今度はやたら車に絡んで来る番犬を飼う家の前を通過。

やはり今日も車に向かって突進。

「そんなに近づくとほんとにひかれるよ〜」と心配。

あぁ、いつものこの風景。

そしてまた暫くいくと、同じく絡んで来る番犬に子供が

生まれたらしく、ちっちゃいわんちゃんが今まさに

番犬トレーニング中の様子に一同感激。

「かわいいね〜、あの犬もまた車追いかけるようになるんだねぇ〜」

いいやらわるいやら。。

ともあれブラジルの番犬はとても優秀なのである。

そうこうしてると、もうそろそろいい時間。

ちょっと急ごうか,と思っていると

でた〜!

牛の大群。

「す〜み〜ま〜せ〜ん〜、私たち急いでま〜す!」

といいたいところだが、まぁしょうがない。

そう。この国ではいちいちハラハラドキドキしててはつまらない。

「あぁそうですか。
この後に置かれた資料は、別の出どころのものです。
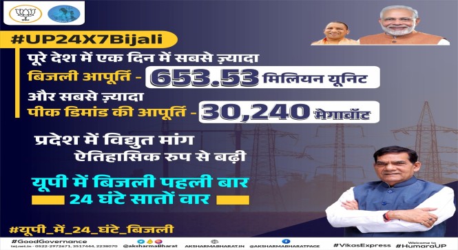 पूरे देश में एक दिन में सबसे ज्यादा 653.53 मि0 यूनिट बिजली आपूर्ति
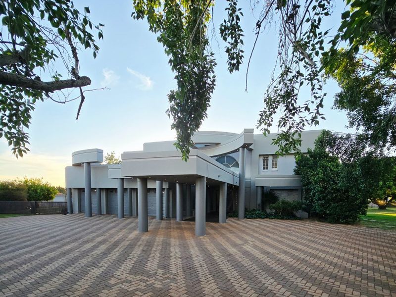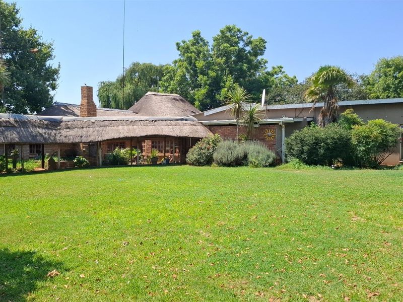 Entertainer's country retreat in Wilkoppies, Klerksdorp โ sprawling 1-hectare grounds with development potential, private cinema patio with dual braais and 7-seater jacuzzi; five beds, three baths, six garages.
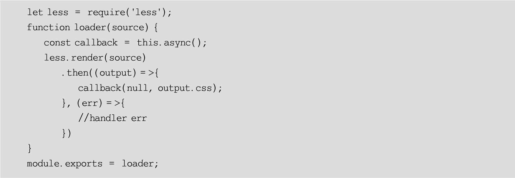 这里处理的业务很简单,就是获得原始的.less文件的内容,将.less文件通过less.render编译为.css文件并传递给下一个Loader即可。
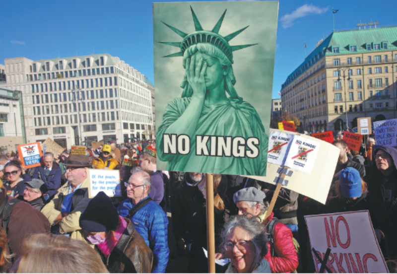 A woman displays a "No Kings" sign during a protest outside the US embassy in Berlin on Saturday. MARKUS SCHREIBER/AP
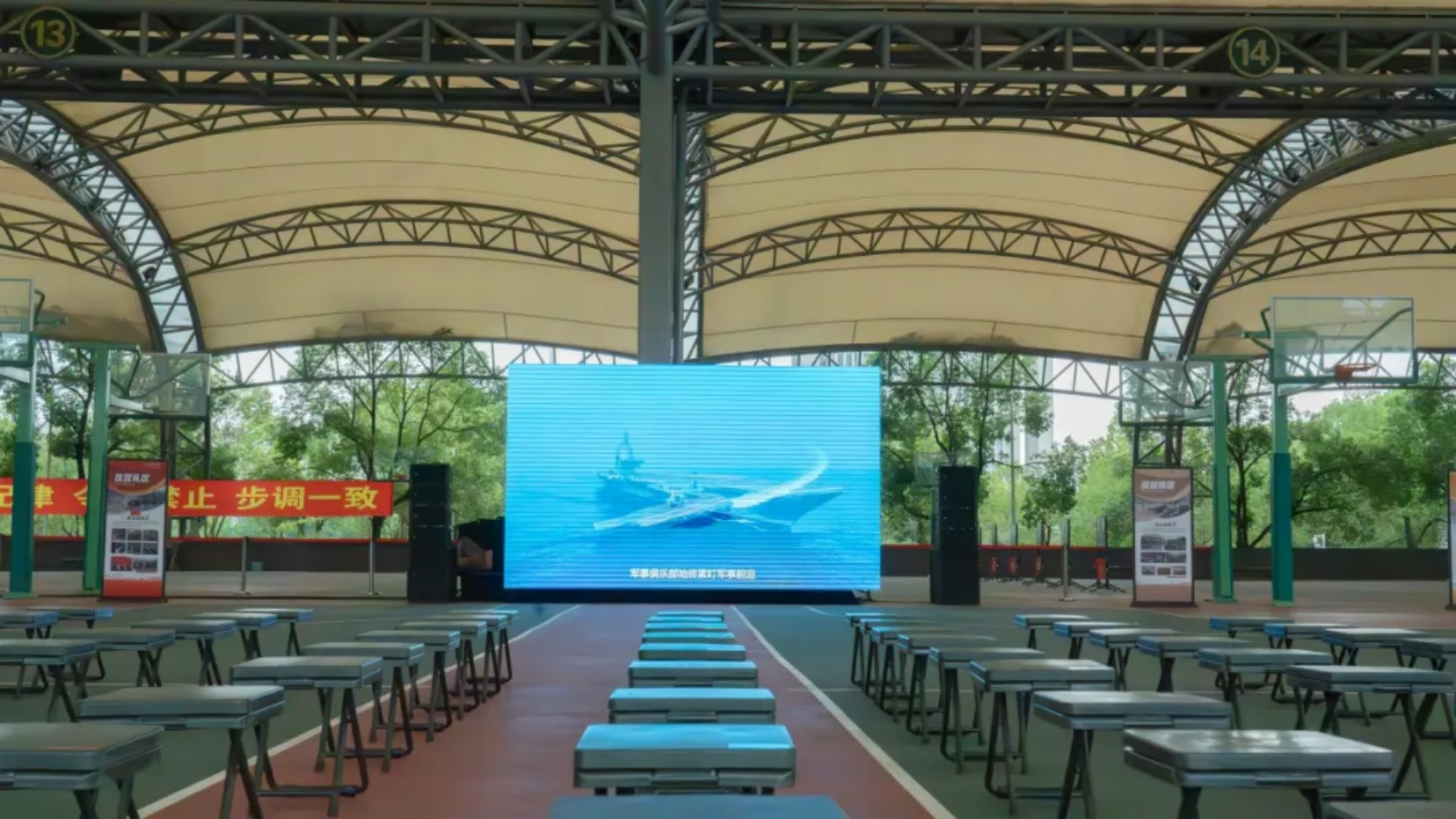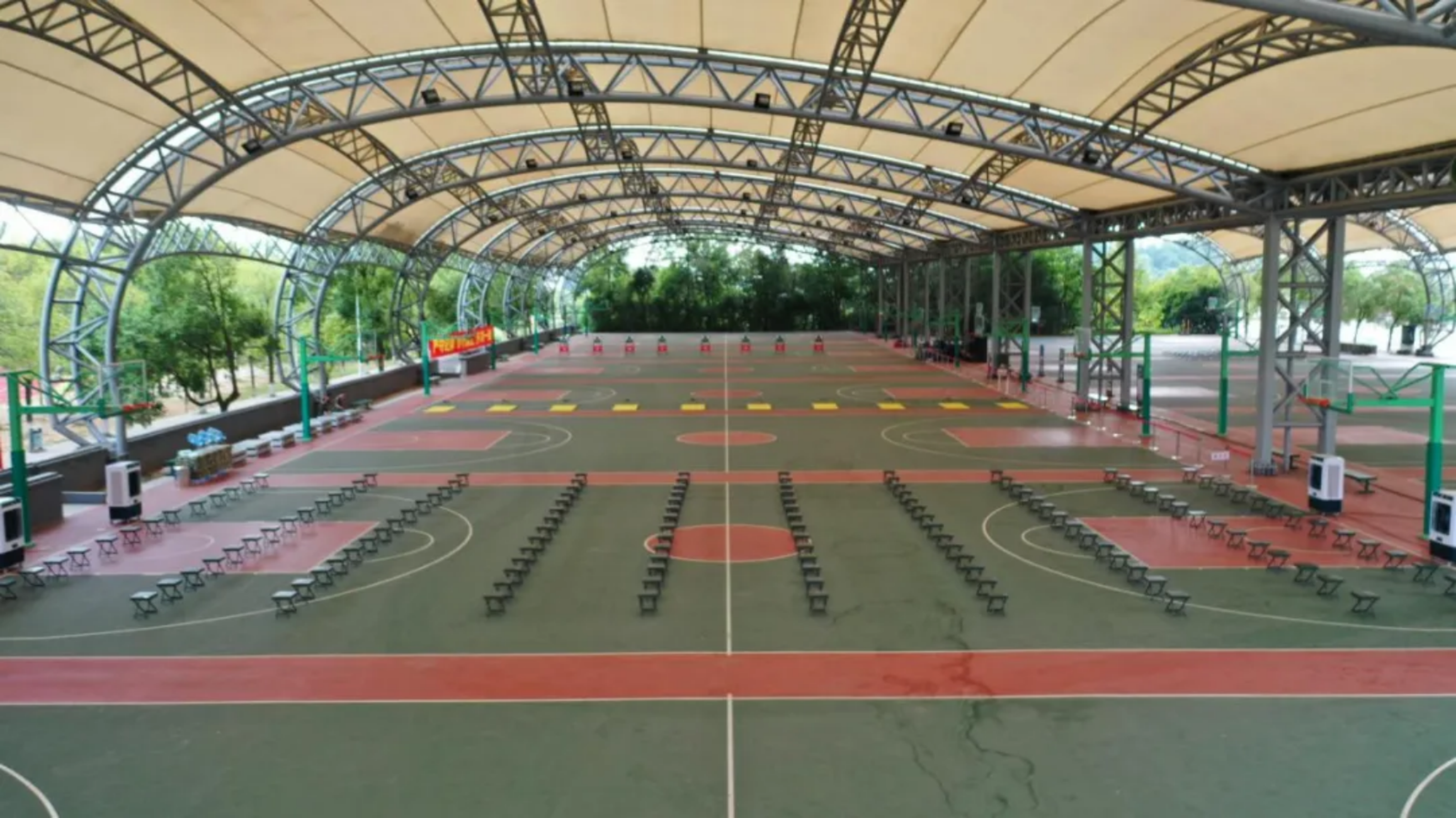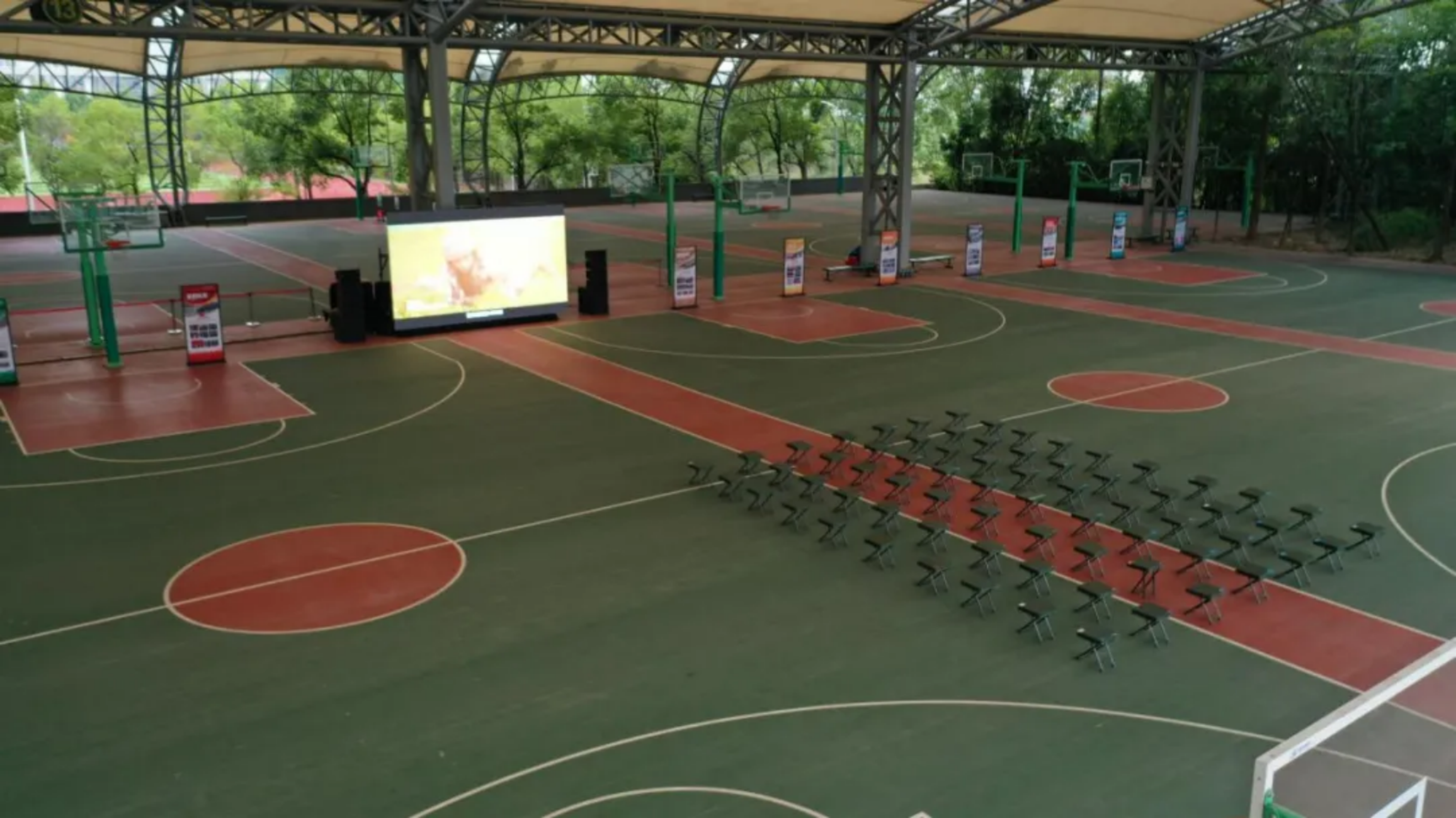 在风雨棚篮球场上
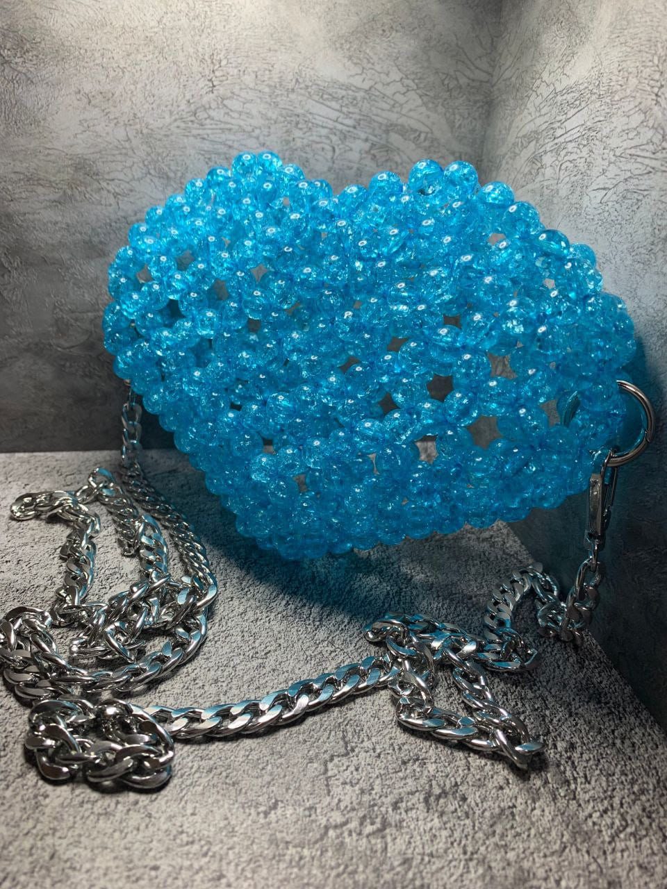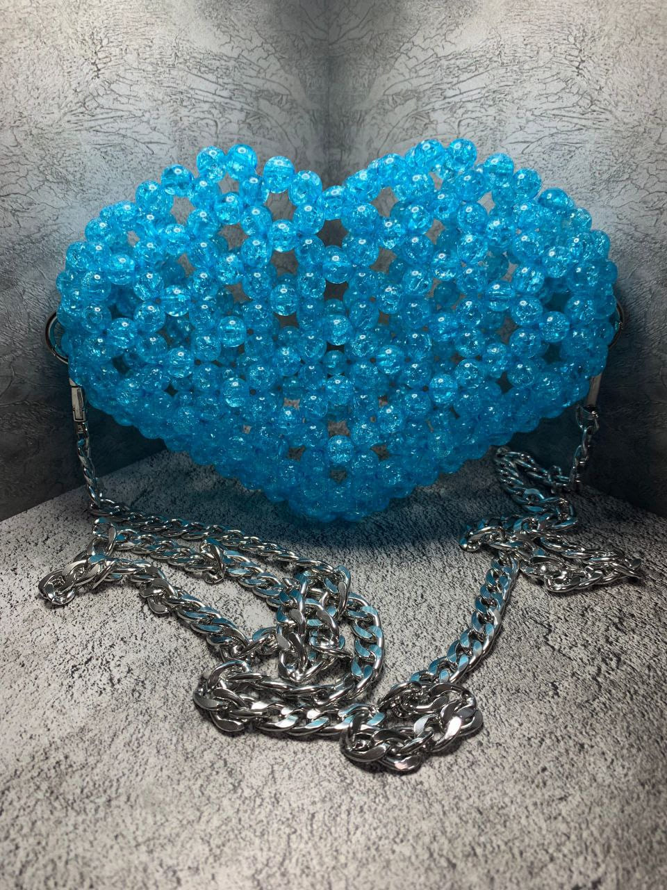 Это больше чем сумка — это застывшая капля моря в виде сердца, собранная вручную из сотен сияющих бусин.
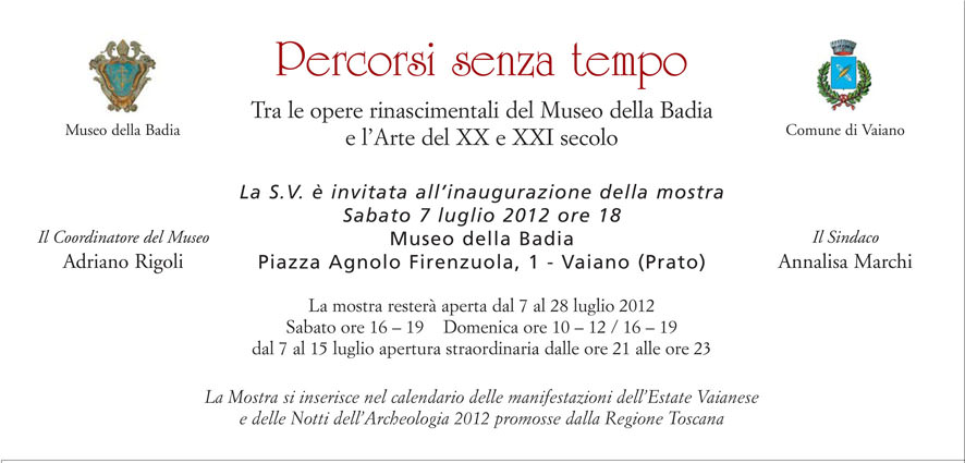 Si inaugura sabato 7 luglio al Museo della Badia di Vaiano la mostra “Percorsi senza tempo” a cura di Adriano Rigoli e Giuseppe Massimini. La rassegna mette a colloquio i capolavori rinascimentali del Museo della Badia e l’arte del XX e XXI secolo
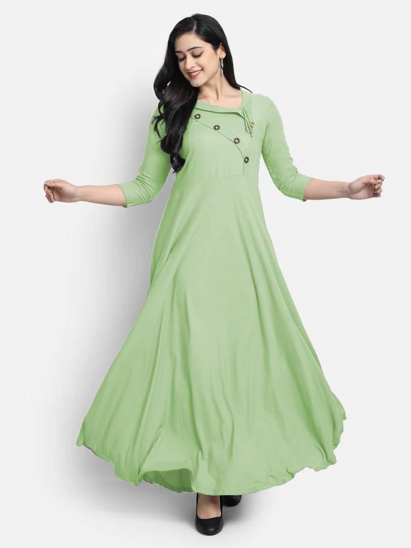 looknchoice Women Solid Flared Kurta (Light Green)
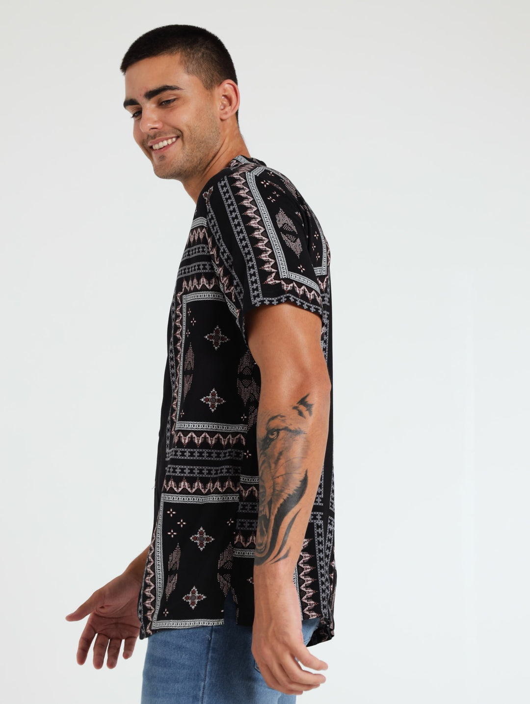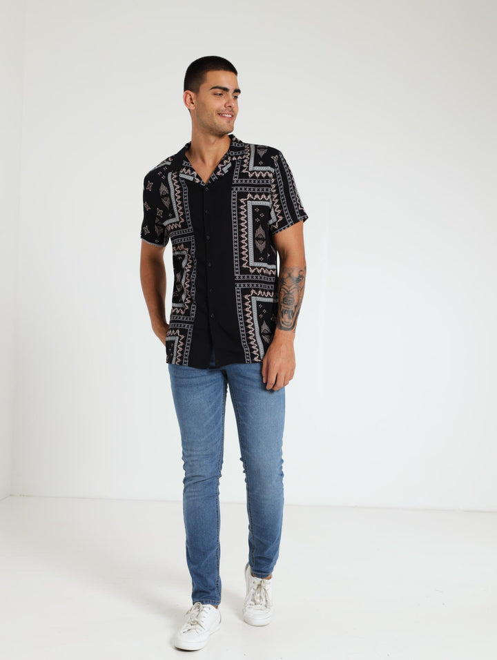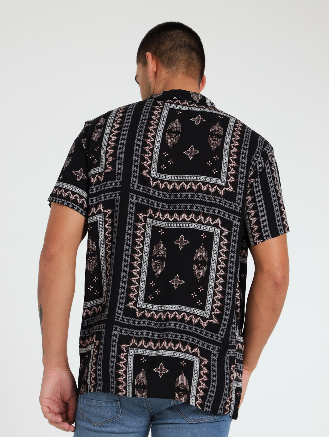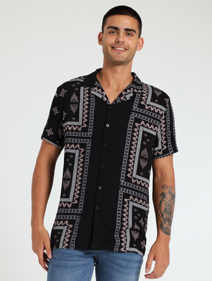 Short Sleeve Viscose Rotary Print Shirt - Black
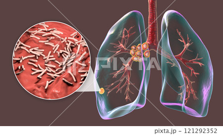 Primary lung tuberculosis with the Ranke complex, 3D illustration
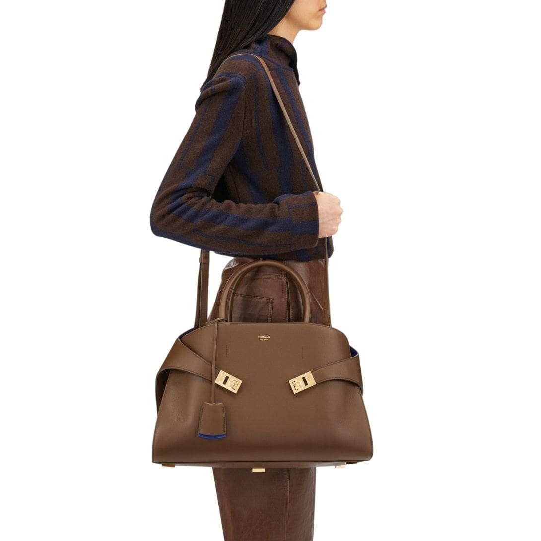 Step into the world of timeless elegance with the latest addition to our collection: the retro-inspired Ferragamo Hug handbag (S), reimagined for the modern connoisseur. Crafted from sumptuously soft natural-grain calfskin panels, this compact version exudes an air of refined sophistication and understated luxury.
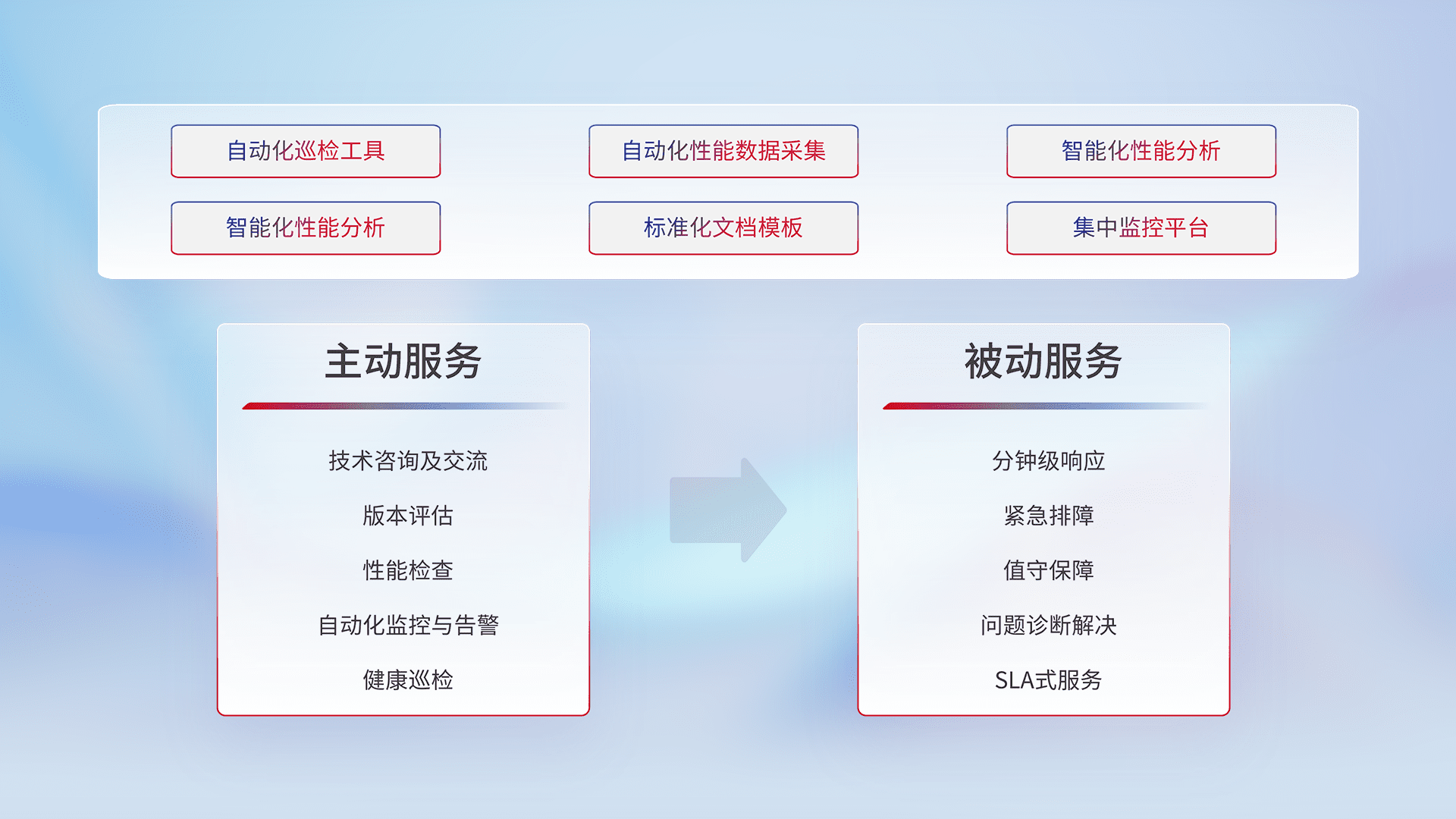 智能化工具和标准化文档,,,,保障服务质量,,,,提供主动服务(包含技术咨询、、、版本评估、、、、性能检查、、、自动化监控与告警、、、健康巡检)和被动服务包含(分钟级响应、、、紧急排障、、、、值守保障、、问题诊断解决、、、、SLA服务)。。
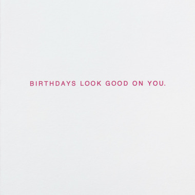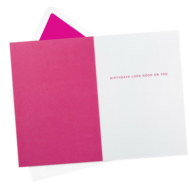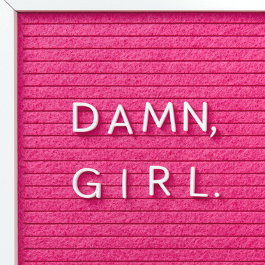 - Cover features a pink felt letterboard design with letters reading "Damn, girl." Inside reads: "Birthdays look good on you."

じゃ、まってま〜す」

ケセラセラの精神がとても大切なのだ。

車で学校に行くだけて毎日がアドベンチャーなブラジル。

気分的にはドラゴンクエストの「敵が現れた!」の雰囲気で

犬やら牛やらが車の前に立ちはだかる。

恐るべし通学路!

でもちょっと楽しい。

 

ともあれ無事に学校に到着し、それぞれ新しい教室に向かう。

今日からまた新しい一年が始まる。

教室まで子供たちを送り届けて,うちに帰る。

いつもの毎日が始まった。

 

昼になって子供たちが帰ってきた。

おや。

今日は一人多くない?

そうです。

お弁当があるはずの長女がいたのです。

なぜって?

まだ今週はお弁当がないからで〜す!!!

たはは。

朝四時に起きて作ったんだけどねぇ。

サザエさんみたいにとんちんかんをしてしまった新学期初日。

今年度も無事に過ごせますようにと節分に願いを託そう。。。